In order to achieve the above object, according to the first aspect of the present invention, a plurality of rollers and a cage are arranged between the outer peripheral surface of the inner member and the inner peripheral surface of the outer member, and the plurality of rollers are arranged by the cage. the circumferential and held in sandwiched direction, each said roller is urged in the circumferential direction in engagement spring, the inner member and the outer the peripheral surface of each of said rollers by a relative rotation in one direction of member and said The cage (31) is engaged between peripheral surfaces to transmit a driving force, and the cage (31) has a first cage portion having a first side surface facing a first end surface of each of the rollers, and the first of each of the rollers. and a second cage portion having a second side facing the second end surface which is opposite face of the end face, said biasing the first end surface in an axial spring provided on the first side in the axial direction the A one-way clutch for regulating the orientation of each of the rollers by to abut an end face on the second side, said second side is provided with a recess recessed in a direction away from said first side surface, the recess each said In the process of moving the roller from the daytime point to the engagement point, the front end of the moving direction of the roller is formed at a position where it can be fitted, and when viewed in the axial direction, the load of the axial spring is shifted from the recess. A one-way clutch is proposed which is characterized by acting.

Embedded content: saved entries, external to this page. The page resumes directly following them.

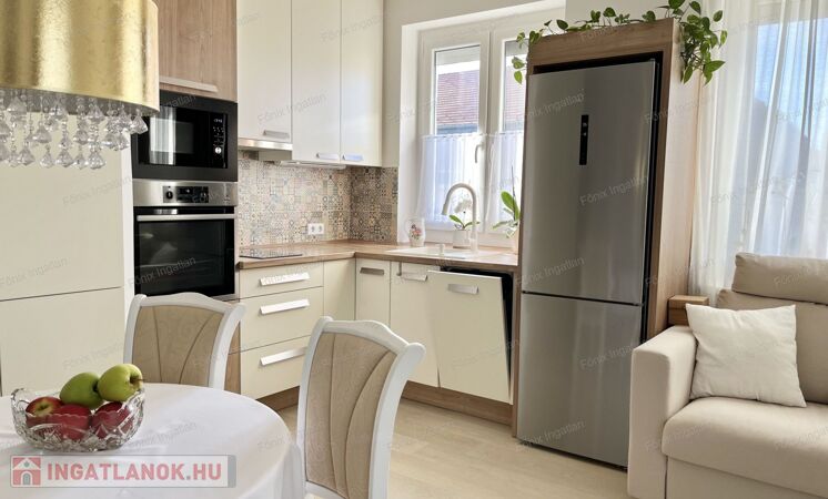 modern gépesített konyhával, ízlésesen berendezett lakás.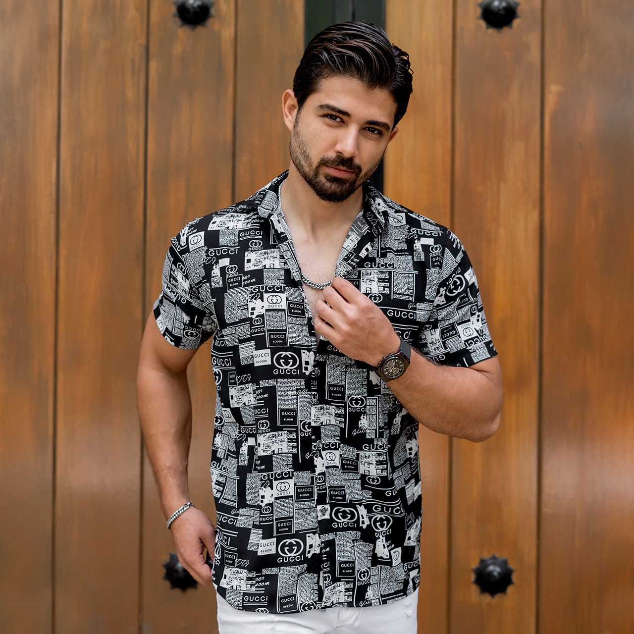 پیراهن هاوایی طرح نوشته مردانه مدل Gucci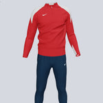 Equip your team for training with the 2024 Strike Training Suit. Featuring lightweight ribbed material along the back of the neck, shoulders, and arms, this suit offers enhanced flexibility and comfort. The body and sleeves are crafted from Nike Dri-FIT knit fabric, efficiently wicking sweat away to ensure players stay dry. Made with at least 75% recycled materials, this suit embodies sustainability, while the side panel construction utilizes an efficient pattern to minimize material waste.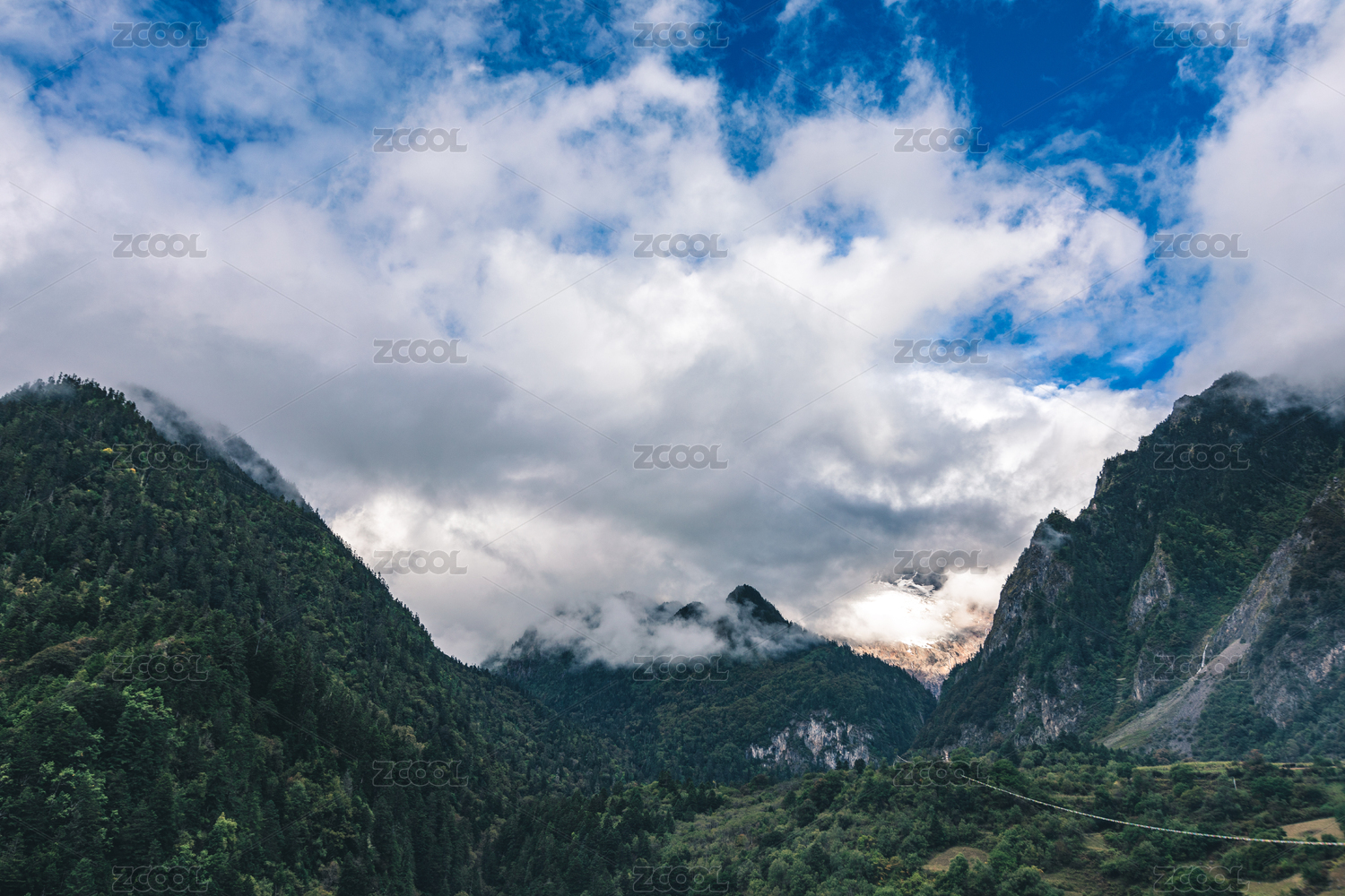 中国云南迪庆德钦县雨崩冰湖神瀑梅里雪山云雾缭绕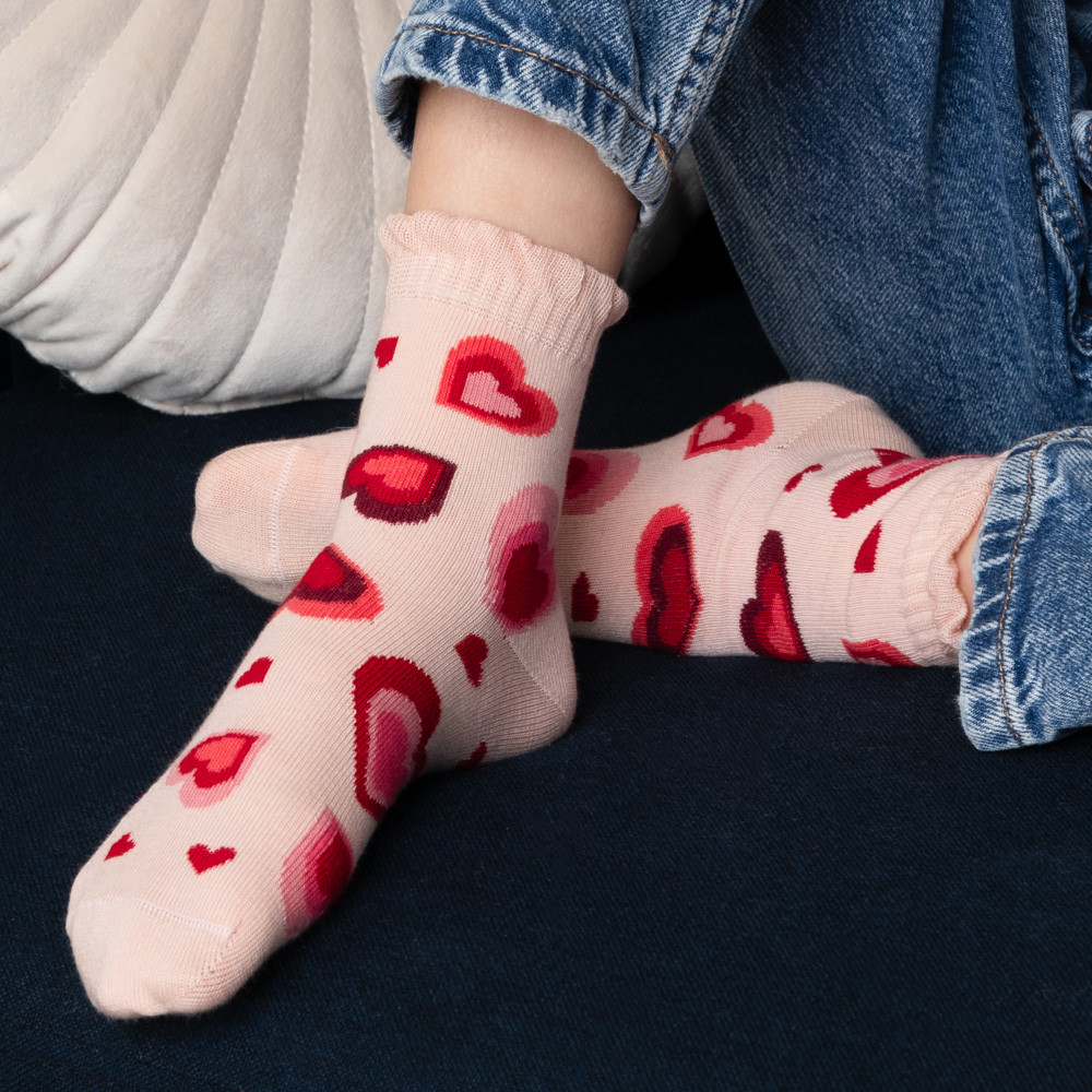Dodaj odrobinę uroku do garderoby swojej dziewczynki dzięki naszym wyjątkowym skarpetkom w serduszka, ozdobionym delikatną falbanką. Wykonane z miękkiej i przewiewnej bawełny, zapewniają komfort noszenia przez cały dzień. Subtelny design sprawia, że są idealnym wyborem zarówno na co dzień, jak i na bardziej eleganckie okazje. To połączenie funkcjonalności i stylu. Dzięki ozdobnej falbance wyglądają uroczo w połączeniu z sukienkami, spódniczkami czy krótkimi spodenkami.

  According to the invention described in claim 2, in addition to the structure of claim 1, the outer ring rotating integrally with the outer member, the inner ring rotating integrally with the inner member, and the space between the outer ring and the inner ring. A one-way clutch characterized in that the outer member is rotatably supported on the outer periphery of the inner member by a bearing having a plurality of rolling elements disposed on the inner ring, and the second side surface is formed on the inner ring. Is done.

According to the invention described in claim 3, in addition to the configuration of claim 1 or claim 2, pre-listening runner member, an output shaft by shifting a rotation of the input shaft connected to a drive source fixed to the outer periphery of the output shaft of the power transmission unit for transmitting, the power transmission unit has an input side fulcrum that rotates together with the input shaft eccentricity from the axis of said input shaft is a variable, pre-Symbol outer A one-way clutch comprising an output side fulcrum provided on a member, and a connecting rod connecting the input side fulcrum and the output side fulcrum is proposed.

The eccentric disk 18 of the embodiment corresponds to the input side fulcrum of the present invention, the pin 19c of the embodiment corresponds to the output side fulcrum of the present invention, and the angular ball bearing 34 of the embodiment corresponds to the bearing of the present invention. The inner ring 36 of the embodiment corresponds to the first cage portion and the first cage portion of the present invention, the ball 37 of the embodiment corresponds to the rolling element of the present invention, and the engine E of the embodiment is This corresponds to the drive source of the present invention.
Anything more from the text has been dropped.